Mais uma vez muito obrigada,
Ricarda.

RICARDA MARIA DOS SANTOS

UBERLÂNDIA - MINAS GERAIS - PESQUISA/ENSINO

EM 16/05/2008

Prezado Márcio Barbosa Lima de Oliveira Macêdo,
A gordura usada nessas dietas tem que ser protegida, uma exemplo disponível é o Megalac.
Os protocolos que usam progesterona são muito utéis para as vacas que estão em anestro, mas devemos lembrar que só resolvem o problema para as vacas que estão no mínimo com 2,5 de ECC.
Nos radares sobre sincronização você encontra a descrição desses portocolos que usam progesterona.
Obrigada, pela participação,
Ricarda.
RICARDA MARIA DOS SANTOS

UBERLÂNDIA - MINAS GERAIS - PESQUISA/ENSINO

EM 16/05/2008

Prezado Valdir Chiogna Junior,
As vacas gordas tem mais problemas no pós-parto porque a ingestão de materia seca delas é menor do que das vacas em boa condição corporal. Como conseguem comer menos perdem mais peso, portanto demoram ainda mais para voltar a ciclar e emprenhar pós-parto.
No radar publicado no dia 02/05/2007 (Escore de Condição Corporal x Balanço Energético Negativo) tem uns gráfico sobre o assunto.
Obrigada pela participação.
Ricarda.
MARCOS TADEU COSMO

SALES - SÃO PAULO - PRODUÇÃO DE LEITE

EM 14/05/2008

Ricarda e José Luiz,

Com relação ao texto acima, gostaria que clarecessem se possível:

1- A gordura da dieta mencionada pode ser encontrada em que ingredientes?
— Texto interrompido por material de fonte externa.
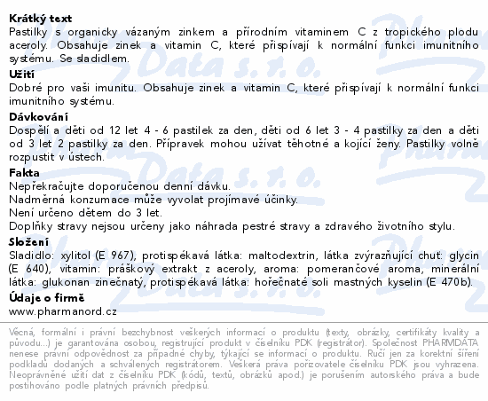 Pastilky s organicky vázaným zinkem a přírodním vitaminem C z tropického plodu aceroly. Obsahuje zinek a vitamin C, které přispívají k normální funkci imunitního systému. Se sladidlem.

Qual o percentual em relação a MS ou ao total de concentrado?

2- O fornecimento de Soja grão e caroço de algodão, onde podemos ter grande quantidade de óleos, seria uma opção?
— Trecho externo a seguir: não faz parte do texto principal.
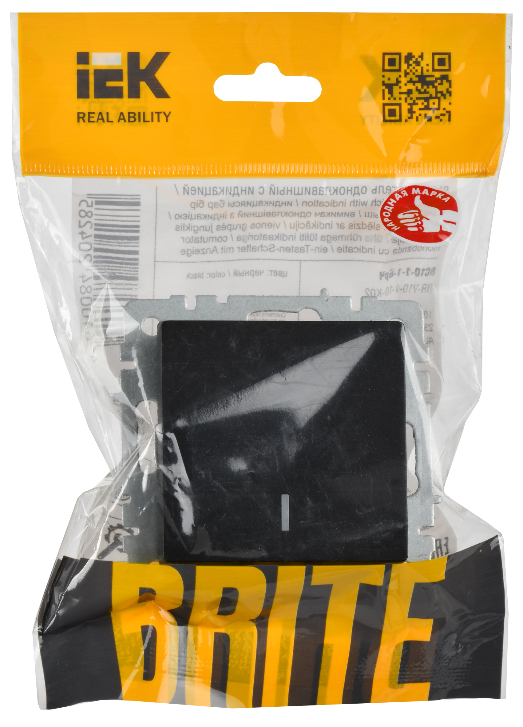 BRITE Выключатель 1-клавишный с индикацией 10А ВС10-1-1-БрЧ черный IEK

3- Já que o BEN é inevitável, seria possível a vocês sugerir uma dieta básica para a fase de transição com maior densidade energética.

Tenho enriquecido meu conhecimento e modificado bastante minhas ações no manejo diário com minhas colaboradoras e produtoras de leite. Tudo isso de forma constante graças aos inúmeros textos, artigos e pesquisas que vocês tem trazido aqui no MilkPoint. Portanto, aproveito a oportunidade para agradece-los e pedir que continuem com seu trabalho cujos pesos para valor e utilidade talvez escapem da sua percepção, dado o enorme universo que atingem.

Obrigado

Marcos Tadeu Cosmo

MÁRCIO BARBOSA LIMA DE OLIVEIRA MACÊDO

ITABUNA - BAHIA - PRODUÇÃO DE LEITE

EM 13/05/2008

Parabéns aos professores pelo artigo! Diante dessa brilhante explanação, faço aqui algumas indagações:

1º)Qual o tipo de gordura a ser usada na dieta pré-parto?
2º)Não teria um protocolo hormonal a ser usado logo após a parição?
3º)A progesterona não diminuiria esse período de anestro do animal?

Obrigado pela atenção.
VALDIR CHIOGNA JUNIOR

RIO VERDE - GOIÁS - CONSULTORIA/EXTENSÃO RURAL

EM 09/05/2008

Parabéns pelo artigo! Esta informação de diminuição de 10% na concepção a cada 0,5 unidade de perda de ECC, é interessante, mas vacas com ECC alto (4,5 e 5) tem sua fertilidade diminuída também não é mesmo... portanto gostaria de saber se pelo trabalho conseguiu estabelecer-se um gráfico? Obrigado!
GILDO CRUZ

XINGUARA - PARÁ

EM 08/05/2008

Caros professores, além dos manejos citados no artigo,vocês preconizam outros?